Not a Movie Snob - Steve Jobs

Posted on Friday, October 23, 2015 at 01:00 PM


Movie: Steve Jobs

"Hello (again)"

Steve Jobs

Movie Review by Griffintainment X CalgaryMovies.com

I make it my business as a consumer of entertainment not to dig into the personal lives of artists. I don't read gossip blogs, I don't watch entertainment news shows, which tend to focus more on celebrity shenanigans than anything else and I don't Wikipedia people so I can see a record of their arrests and lawsuits. I don't do these things because: a) a person's personal life, even a person in the public eye, is none of my business; and b) I just don't care. I don't care if someone's a jerk in real life. I don't care if they refuse to sign autographs, or they drink too much, or they cheat on their spouses. I don't know these people, in all likelihood I never will and if I only watch movies or listen to music made by people without flaws, well, I'll have a lot more free time on my hands than I do now.

And so it is with Steve Jobs. I appreciate the man, I appreciate what he's done for the world, his vision, his products. But I don't want to know about his life. I don't care if he was a slave driver to his staff, or if he was a bad father, or if he thought himself Jesus Christ, as many of his admirers did/do. So I went into Steve Jobs, the new biopic by director Danny Boyle and screenwriter Aaron Sorkin, not knowing what to expect. Will it be reverential, or will it be a smear? 

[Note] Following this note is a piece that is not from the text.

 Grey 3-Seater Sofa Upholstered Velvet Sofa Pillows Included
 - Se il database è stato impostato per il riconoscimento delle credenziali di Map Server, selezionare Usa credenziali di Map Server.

As it turns out, it was both.

The movie takes place backstage at the unveilings of three of Jobs' personal computing breakthroughs (or what were meant to be breakthroughs), the original Macintosh computer, which bombed, Job' 'perfect cube' the NeXT, which bombed, and the 1998 release of the original iMac, which put Apple on its current course for world domination. As the clock to showtime counts down and the auditorium fills with hopeful computer nerds at each event, we follow Jobs around backstage as he tries to circumvent technical glitches, issues with his family and issues with his coworkers. There is also the odd flashback to important times in Jobs' ascension, like his being fired from Apple and he and Steve Wozniak arguing over whether their original Apple computer should have two ports or six. 

  

It's a strange narrative structure. In one way it feels brave, eschewing the typical three acts, confrontations and resolutions most movie's pace themselves around. In another way, it feels unfinished. This movie is two hours long, but I felt by the end like it had just started. That's due I suppose as much to the fact that it represents such a small chunk of such a long and impressive career, as to the filmmaking team and its talent in crafting compelling entertainment.

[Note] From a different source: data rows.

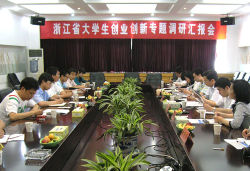 夏晓军副院长向调研组汇报了我院大学生创业教育体系建设方面的情况。我院坚持育人为先,把“敢为人先、特别能创业”的温州人精神教育引入学生素质教育中,秉承“厚德、长技”校训,努力培养学生的创新精神和创业能力,积极构建富有时代特征和高职教育特点的职业素质教育体系。夏副院长围绕“三课三园”建设,即创业教育第一课堂、第二课堂、第三课堂以及精品园、商贸园和草根园的建设,介绍了我院在创业教育方面的主要做法和效果。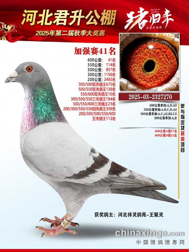 • 河北君升公棚秋赛600公里加强赛11-40名获奖鸽照片 (2025-12-19 9:31:02)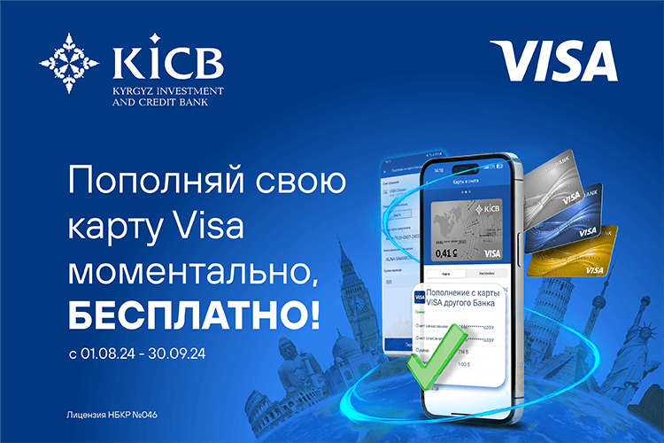 Успейте воспользоваться новой услугой для держателей платежных карт VISA KICB по переводу денежных средств по номеру карты, номеру телефона, а также по пополнению своей карты Visa cо своих карт Visa, выпущенных в любых других банках.
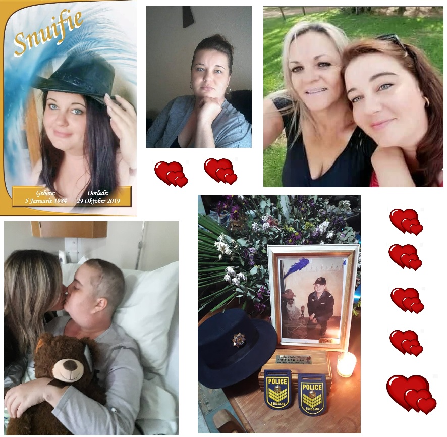 * Sersant Pretorius (35), wat onder andere in De Deur en Klerksdorp vir die SAPD gewerk het, het op 29 Oktober aan breinkanker gesterf. Haar ma, mev. Amanda de Goede van die Vaaldriehoek, gee dié bykomende inligting: “Al die dokters het haar vir 8 jaar gediagnoseer met sinus. Toe word sy een oggend deurmekaar wakker. Ons neem haar toe vir ‘n breinskandering en vind uit sy het ‘n breintumor. Hulle het haar einde Julie 2019 geopereer. Die kanker was baie aggressief en het deur haar hele liggaam versprei. Sy is oorlede op 29 Oktober 2019.”

I think Aaron Sorkin is the best screenwriter in Hollywood. Whether in TV or film, his scripts are the smartest, sharpest, most well crafted of anyone putting pen to paper (whether that paper be organic or electronic). And director Danny Boyle is one of the most exciting in his field as well. I've loved his movies since Trainspotting, much of the rest of the world has loved his movies since Slumdog Millionaire. His films are always interesting, well made and unique. He doesn't repeat himself and he doesn't seem to worry about box office potential. But as well as Boyle does, Steve Jobs is really the Sorkin show at the end of the day, in much the same way that The Social Network was. In fact, this movie feels a hell of a lot like The Social Network in a number of ways, not least of all in the music by Daniel Pemberton, which at times sounds as if it's copying note for note the iconic Reznor/Ross Network score.

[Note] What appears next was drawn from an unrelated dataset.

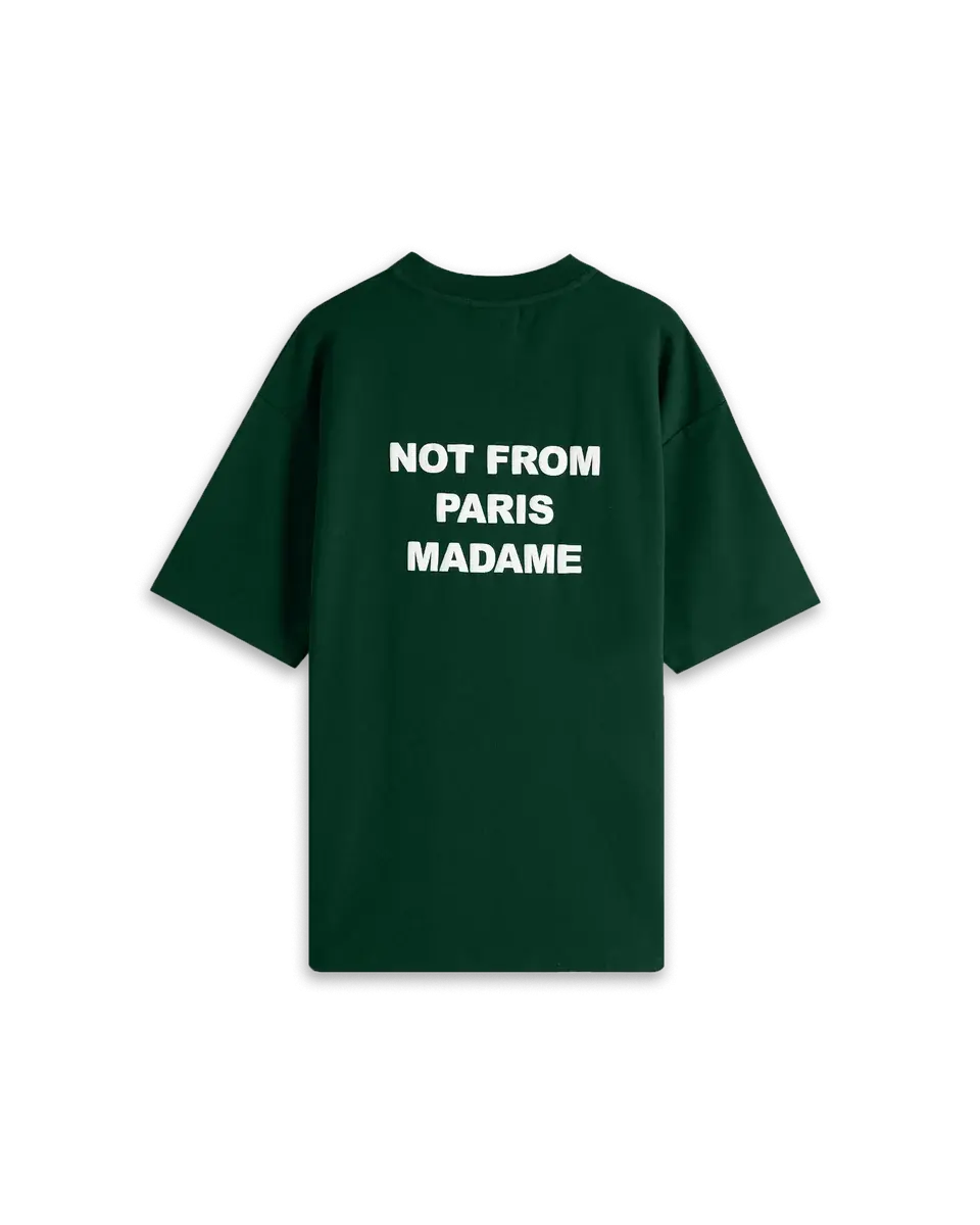 The Slogan tee. Made of 100% cotton interlock fabric, this black t-shirt features a ribbed neckline and the 'Not from Paris Madame' slogan printed front and back.

But Boyle still knocks it out of the park, and with Sorkin and Boyle as this movie's mommy and daddy, Steve Jobs was sure to be a beautiful baby. And it is. As far as the craft of making movies is concerned, this is one of the best films of the year. Credit due also to Michael Fassbender, who plays Jobs with a great deal of care and intensity, as well as Seth Rogan, who tackles a rare dramatic performance very comfortably, and Kate Winslet, Katherine Waterston, Michael Stuhlbarg and Jeff Daniels. A hell of a cast who do a hell of a job. If there was an Oscar for best ensemble, this would be a contender.

As I said, I don't know much about Steve Jobs. So I don't know how many liberties Sorkin took with the fact vs. fiction of this particular tale. From what I've heard, he took many liberties in favour of more dramatic pacing and snappy dialogue. If that is the case, then so be it. I didn't go to this movie to see a proper page to screen adaptation of Jobs' biography, I went to see a good movie. I saw a good movie, a really good movie. A movie that feels unfinished, like someone taking a hundred polaroids on a vacation and pulling out just three random photos from the pile and showing them to you. It would've been nice to see a few more photos to gain a better understanding of the vacation as a whole, but those three photos, my God, they are beautiful, aren't they?